Length of credit history vs. credit age
The “length of credit history” means how long any given account has been reported open, says Rod Griffin, director of public education for Experian, one of the three major credit bureaus.
“Generally, the longer an account has been open and active, the better it is for the credit score,” Griffin says. “That’s particularly true for an account with a positive payment history that has no delinquency.”
The credit scoring algorithms calculate the average of how long all your accounts have been open. That average age of accounts is your “credit age.”
It’s all but impossible to get a score higher than 800 if you’re young, because your credit age likely will be less than that of a person who has had credit for years.
» MORE: Check your average age of accounts by getting a free credit report
Credit age matters, but less than other factors
While credit age matters for credit scoring purposes, you can’t do a lot about it other than keeping your accounts in good standing.

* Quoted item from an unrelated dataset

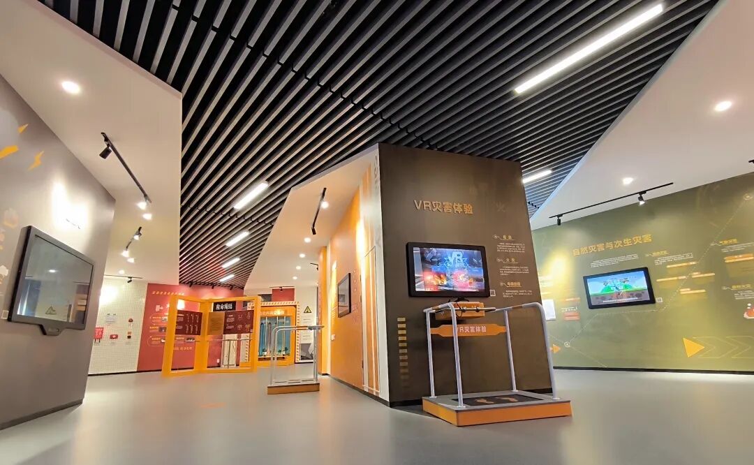 该展厅主要展示了防灾减灾工作成果,倡导观众成为防灾减灾工作的积极参与者和推动者。通过高层烟雾逃生互动装置,真实体验灾害来临时应对措施。

Being an authorized user on an old, established account in which the primary cardholder has excellent credit may help your score a little, but the passage of time during which you build or maintain good credit helps the most.
Keep the length of credit history in perspective: It’s only one element influencing your credit score, and not the most important one at that.
The biggest effects on your credit score come from:
- Payment history — making sure that you pay on time, every time.
- Credit utilization — making sure that you use no more than 30% of your available credit.
If you use credit regularly and lightly, and pay your bills on time every month, you’re doing the two essential things to have a good score. Sit tight and the average age of accounts will take care of itself.